Davon getrennt sind laufende Erträge. Passives Staking und Lending können nach dem BMF-Schreiben sonstige Einkünfte nach § 22 Nummer § 3 EStG erzeugen. Mining oder aktive Blockerstellung können je nach Organisation gewerbliche Einkünfte sein. Security Token, betriebliche Bestände und Derivate folgen wiederum eigenen Regeln.
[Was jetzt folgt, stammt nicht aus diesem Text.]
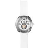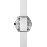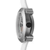 The Vista collection offers an elegant yet function focused timepiece featuring a brushed silver dial and petite 29mm case in stainless steel. The strap is fabricated in high-performance silicone in crisp white giving this model a fashion-forward appeal.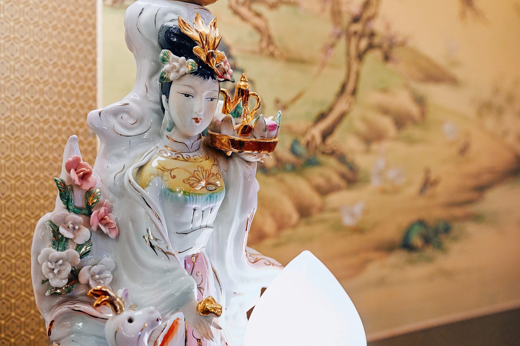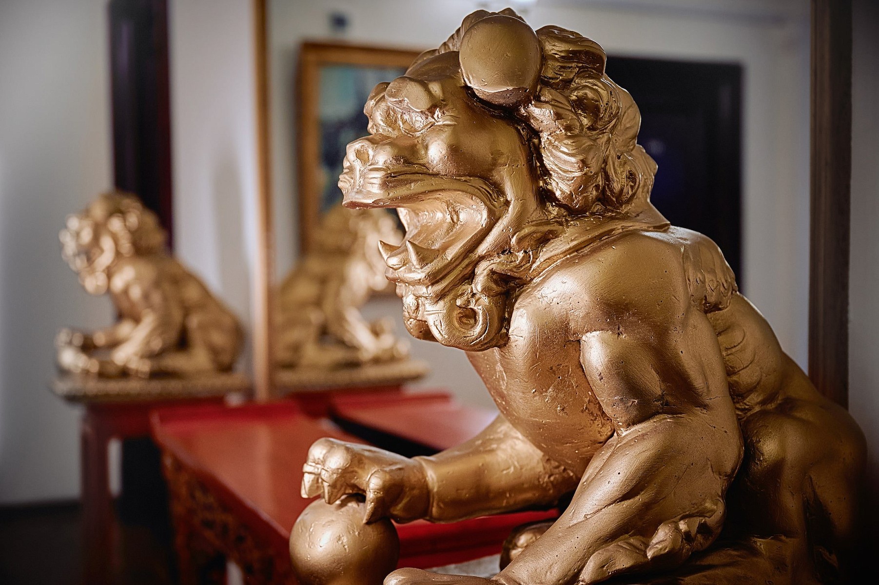 И только спустя много лет стражники появились перед дворцами, храмами и государственными учреждениями. Со временем львы стали украшать дома и превратились в символ высокого социального положения и материального благополучия семьи. Традиционно львы-стражи, удерживая лапой бронзовый шар, располагаются парой по обеим сторонам входа. По правую руку лев, по левую — львица. По поводу того, что именно символизирует шар, существует несколько легенд. По одной из них лев прижимает лапой «земной шар» и олицетворяет энергию Янь. По другой – мяч — это солнце, а лев – символ силы природы.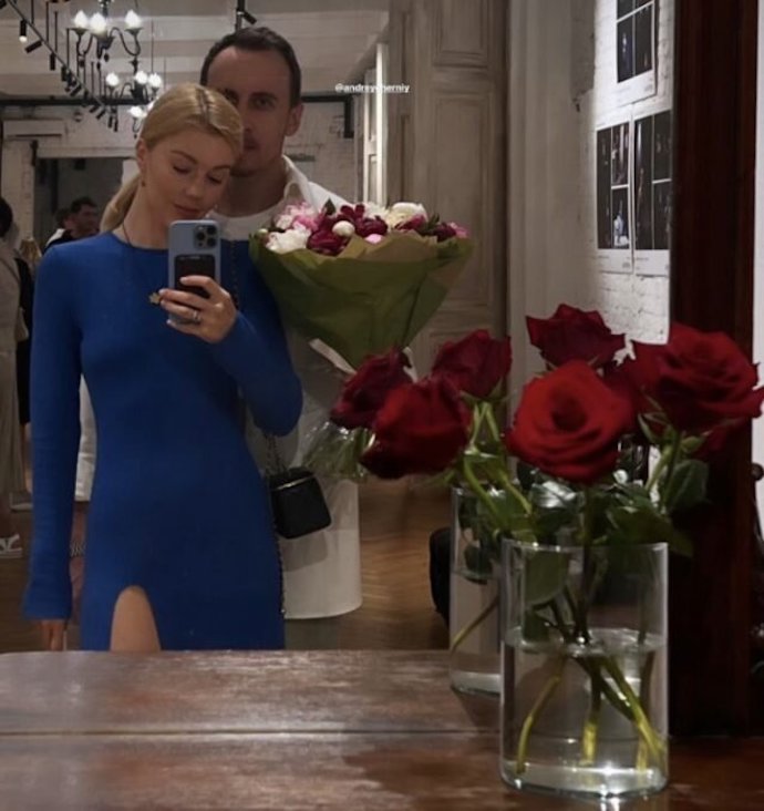 На снимке Юлианна красовалась в синем платье с вырезом до бедра, в то время как ее супруг Андрей предстал в рубашке белого цвета и синих брюках.
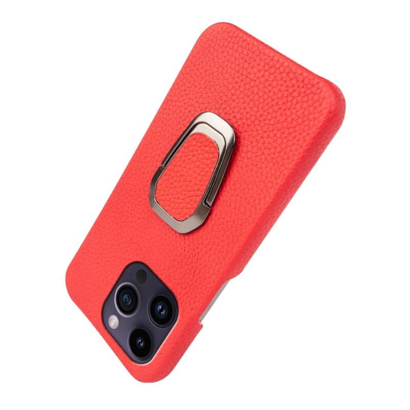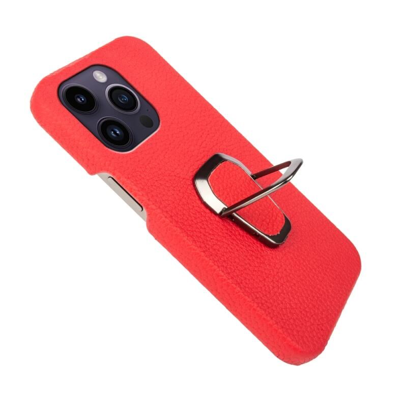 Θήκη τηλεφώνου από γνήσιο δέρμα με υφή λitchi για iPhone 14 Pro με δακτύλιο στήριξης (Κόκκινο)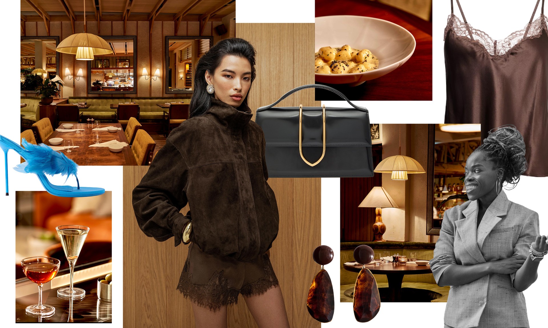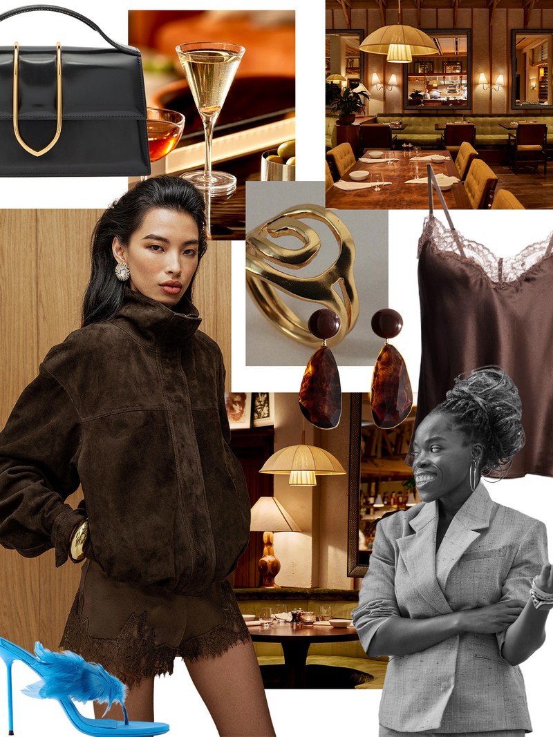 I’ve always believed the best date nights revolve around food and there’s something about slipping into silk and heading somewhere low-lit that just feels… indulgent. I’ve gone for chocolate-hued Reformation shorts with a funnel-neck jacket – effortlessly chic, but still fun. My turquoise feathered Paris Texas mules are doing all the talking because honestly, if a shoe isn’t making an entrance, what’s the point? A black mini bag and brown jewelled earrings make the look even more special. Dovetale in Mayfair has been on my list forever and I have a feeling the menu – and my outfit – will not disappoint.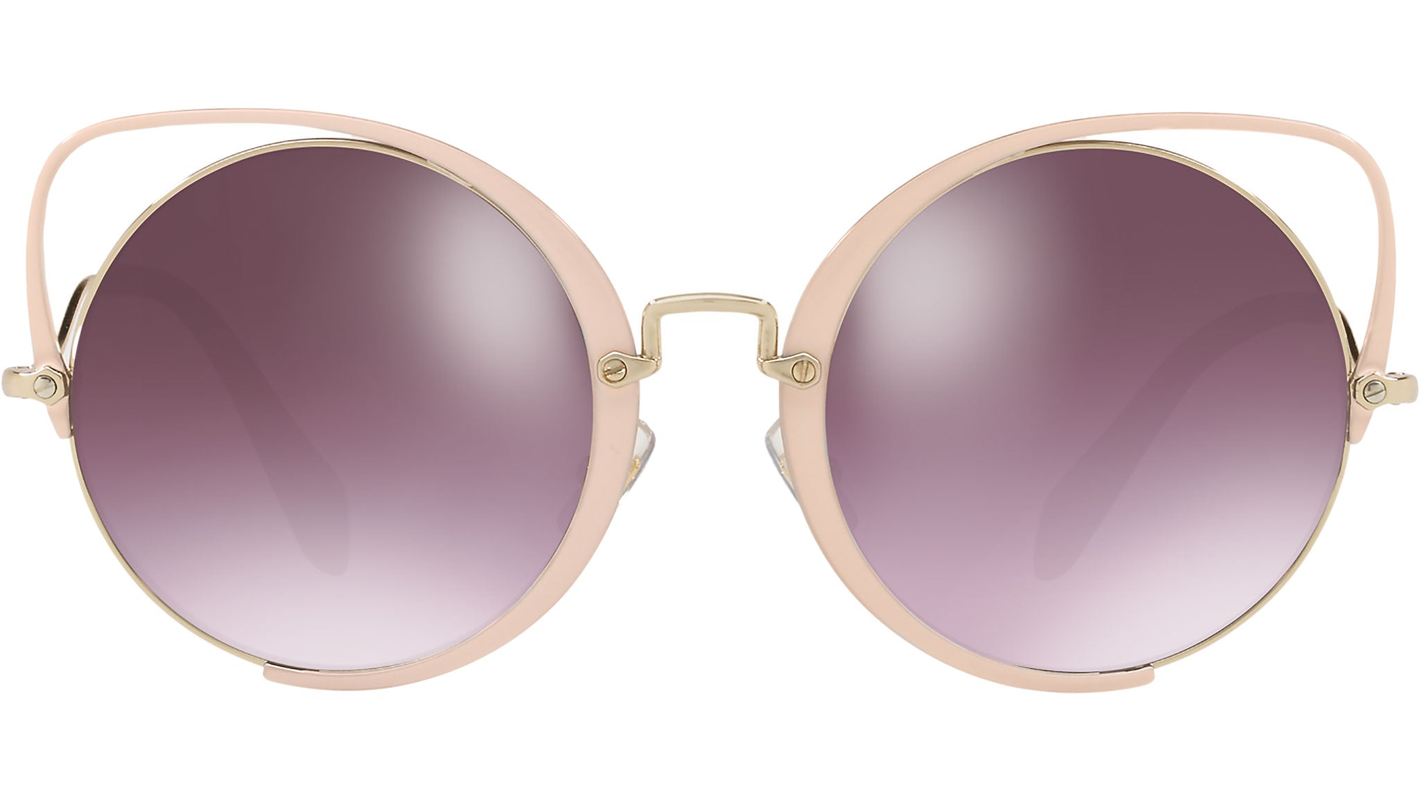 Occhiali da sole Miu Miu modello MU 70US variante colore 4UD085 pesca glitter, con lenti color viola sfumato argento a specchio. Miu Miu offre creazioni uniche, in cui la costante ricerca stilistica si combina perfettamente con la maestria artigianale della lavorazione. Le silhouette femminili e sinuose delle montature sono espressione di una ricchezza dei dettagli che rispecchia pienamente i codici stilistici e l’indiscusso talento del brand nell’unire il design non convenzionale ad un romanticismo dai rimandi retrò.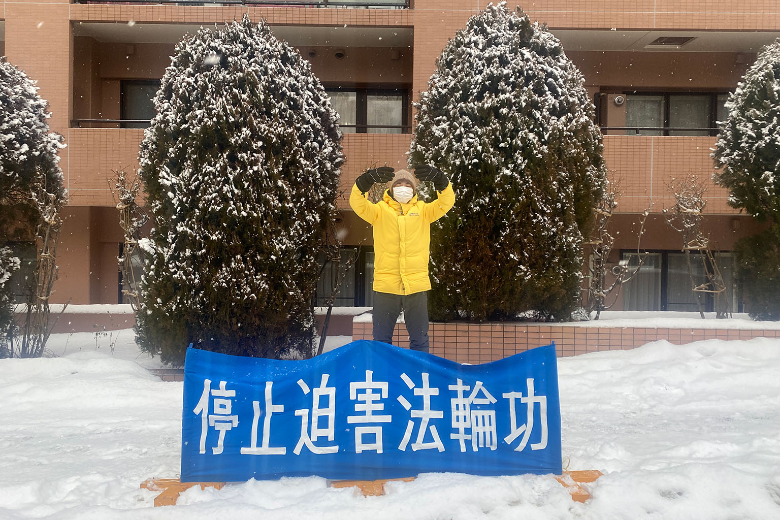 二零二四年十二月三十一日的跨年前夕,部份日本法轮功学员也来到中共驻大阪中领馆、名古屋中领馆、札幌中领馆前请愿,打出横幅和平抗议,要求中共立即停止对法轮功的迫害,停止活摘器官,并释放所有被非法关押的法轮功学员。
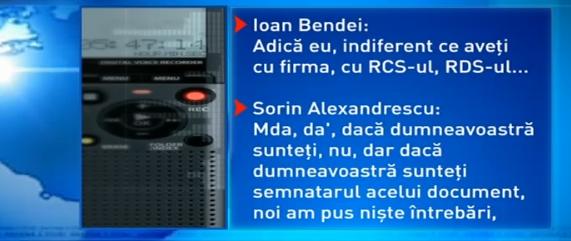 Potrivit referatului, în mai multe discuţii, Sorin Alexandrescu a afirmat că tema investigaţiei de presa NU este Bendei, ci compania RCS RDS.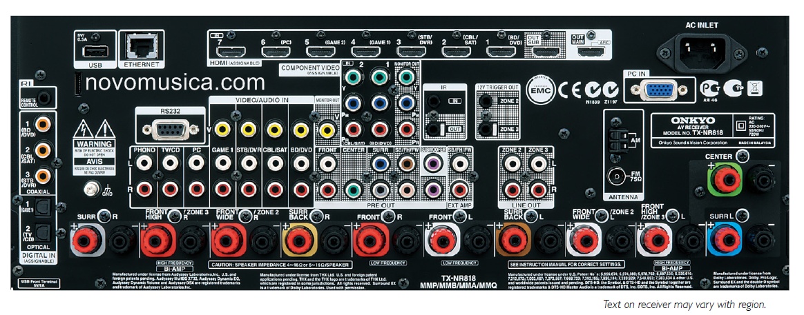 Ya han sido anunciadas las especificaciones técnicas del que será uno de los nuevos, y muy potentes, receptores Home Cinema de Onkyo para el curso actual. Onkyo TXNR818es un amplificador de cine en casa de 7.2 canales que desarrolla una potencia de 180 Watios por canal. Destacar varias cosas importantes de este receptor es complicado pues es un aparato muy muy completo: doble procesador de vídeo HQV Vida VDH1900, tecnología Qdea para 4K, calibración ISF, DAC integrado 192kHz/24 bit, tecnología InstaPrevue, adaptador LAN, certificación THX Select2 Plus…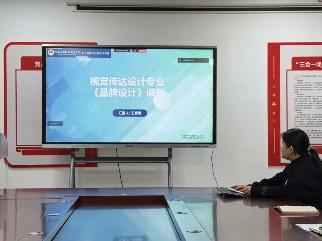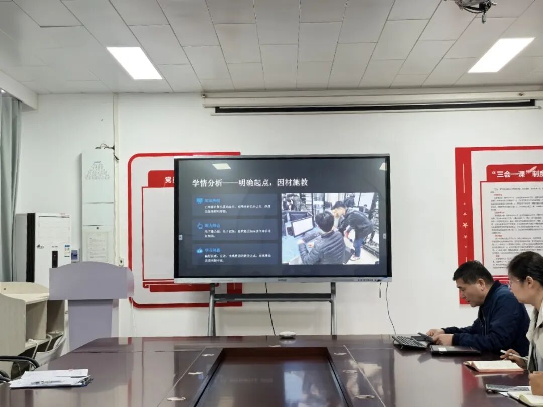 在说课环节,七位课程负责人依次登台进行汇报。张振平老师的《网络系统集成》紧扣行业标准与职业资格认证要求,采用项目化教学组织逻辑,着力培养学生网络规划与系统集成能力;孙奕老师的《基站建设与维护》紧密对接通信行业岗位需求,融入真实工程案例,强化学生规范操作意识与故障排查能力;李阔老师的《路由交换技术》遵循“基础—进阶—综合”的递进逻辑,融入技能大赛考核要点,并建有配套虚拟仿真平台支撑混合式教学;王碧琳老师的《品牌设计》紧跟行业前沿,引入企业真实命题驱动项目化教学,采用过程性考核与作品集评审相结合的评价方式;余斐斐老师的《数字造型设计》立足数字创意产业需求,突出模块化与递进性,将1+X证书标准融入教学单元,并开发了系列微课与实训案例库;左莉老师的《动漫软件基础》注重基础性与应用性相结合,采用任务驱动法通过典型项目引导学生掌握软件核心功能,评价方式注重过程考核与学习成效;付媛冰老师的《特效制作》聚焦影视特效行业标准,以项目实战贯穿教学全过程,着力培养学生特效制作与创意实现能力。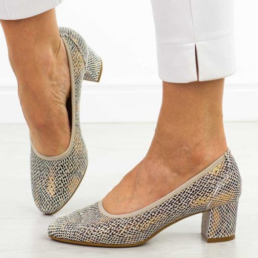 Beżowe wąż ażurowe czółenka damskie na obcasie M.Daszyński Sa212-9
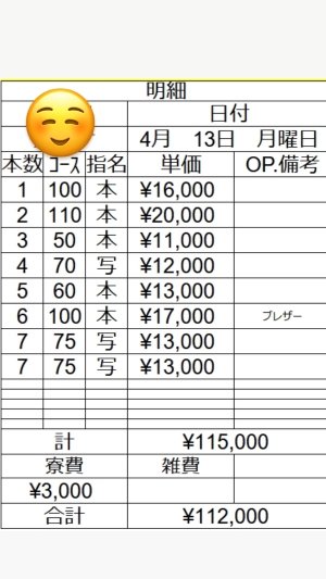 4月12日 出稼ぎSさんの明細公開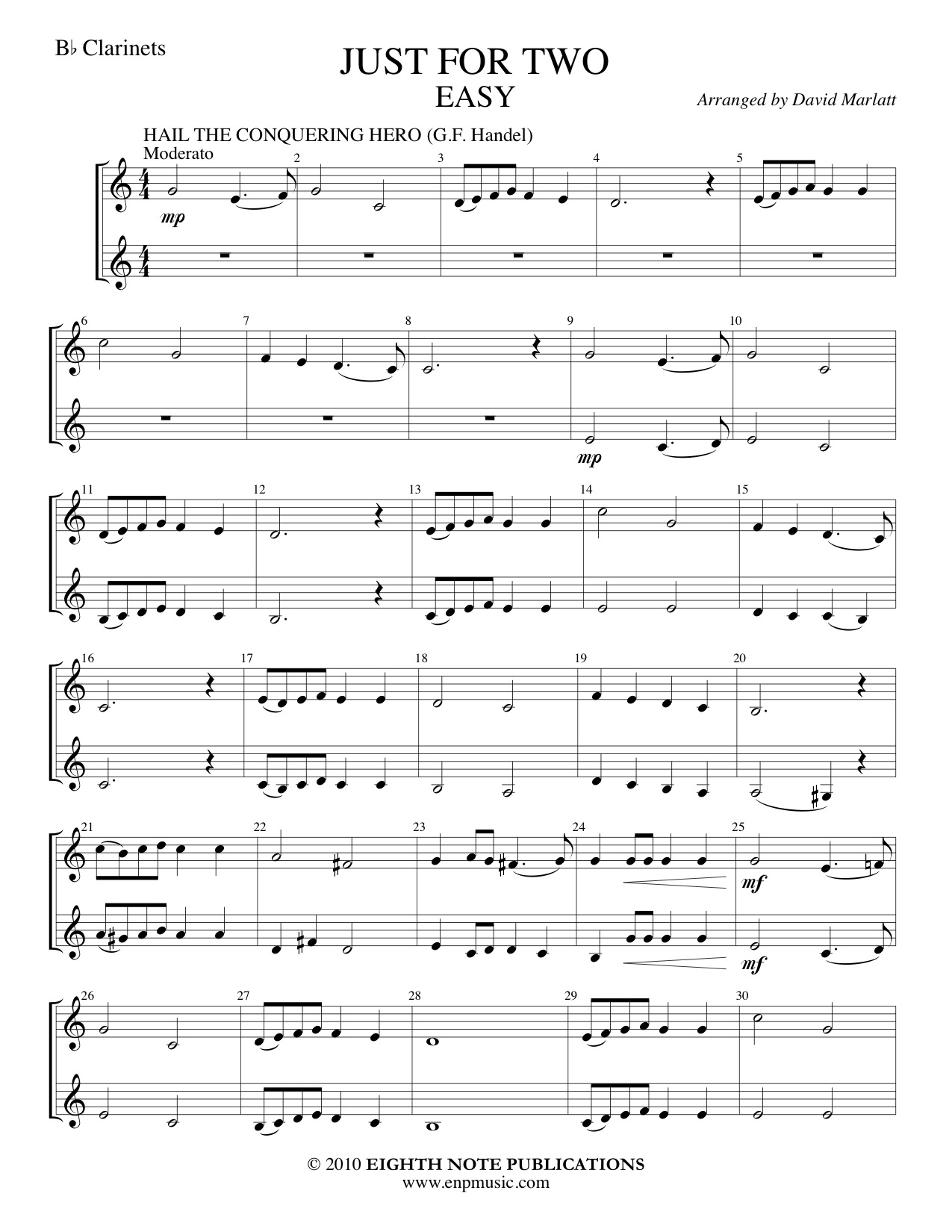 This is a collection of arrangements of well-known music set for 2 like-instruments (or may be combined with other transposing instruments). These serve as a great introduction to chamber playing and working together without a conductor. Pieces included are Hail the Conquering Hero, March Militaire, This Old Man Variations, Steal Away, Old MacDonald s Farm, De Colores, Men of Harlech, Abide With Me and William Tell Overture.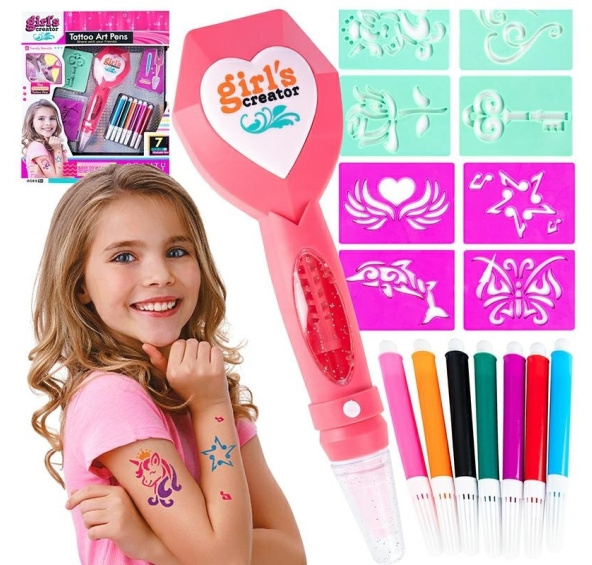 Sada na přípravu tetování jak pro děti, tak pro dospělé. Produkt se osvědčí na každé párty, dodá lesk a úsměv všem účastníkům. Tetování jsou velmi trvalá, různých velikostí a v různých vzorech. Všechny materiály použité k provádění tetování jsou bezpečné pro zdraví. napájení strojku: 2xAAA V sadě: 8 šablon 7 fixů strojek na tetování o rozměrech. 20x7x3cm Produkt určený pro děti starší 3 let. rozměry balení: 33x28x8cm Počet ks. na paletě: 144
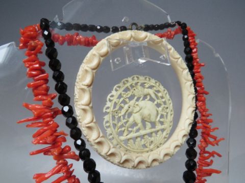 A VINTAGE CORAL STRAND NECKLACE, L 48 cm, together with a Victorian jet brooch, a single graduated strand of faceted jet type beads and a carved bangle etc. (5)

Ein einziger Sammelposten „DeFi-Ertrag“ wäre daher fachlich zu ungenau.
| Technischer Vorgang | Mögliche Steuerfrage | Erforderliche Belege |
|---|---|---|
| DEX-Swap | Veräußerung des abgegebenen und Anschaffung des erhaltenen Tokens | Zeitpunkt, Mengen, EUR-Marktwerte, Gebühren |
| Passives Staking | laufender Zufluss; späterer Verkauf separat | Verfügbarkeit, Tokenmenge und EUR-Wert |
| Lending | Vergütung und mögliche Übertragung der wirtschaftlichen Verfügungsmacht | Vertrag, Anspruchstoken, Rückzahlung, Rewards |
| LP-Eintritt | offene Einordnung: Tausch, Übertragung oder fortbestehender Anteil | Poolvertrag, LP-Token, beide Einlagen, Marktwerte |
| Position Snapshot | meist Dokumentation, nicht automatisch steuerbarer Vorgang | Bestand, Protokoll und Bezug zu echten Transaktionen |
DEX-Swaps: Kein Euro-Zufluss nötig
Wer ETH gegen USDC tauscht, veräußert ETH und erwirbt USDC. Für die abgegebenen ETH werden Veräußerungspreis, Anschaffungskosten und Haltedauer ermittelt. Der gemeine Wert der erhaltenen USDC in Euro ist regelmäßig Ausgangspunkt für Erlös und neue Anschaffungskosten. Das gilt auch dann, wenn das Protokoll den Vorgang in mehrere Router-, Bridge- oder Wrap-Schritte zerlegt.
Eine rein technische Bewegung zwischen eigenen Adressen ist dagegen keine Veräußerung. Entscheidend ist, ob wirtschaftliches Eigentum oder ein eigenständiger Anspruch übergeht. Bei Wrapped Token, Receipt Token und Bridges darf die Software deshalb nicht nur auf unterschiedliche Symbole schauen. Sie muss Vertrag, Einlösbarkeit und wirtschaftliche Identität berücksichtigen oder den Vorgang als prüfbedürftig markieren.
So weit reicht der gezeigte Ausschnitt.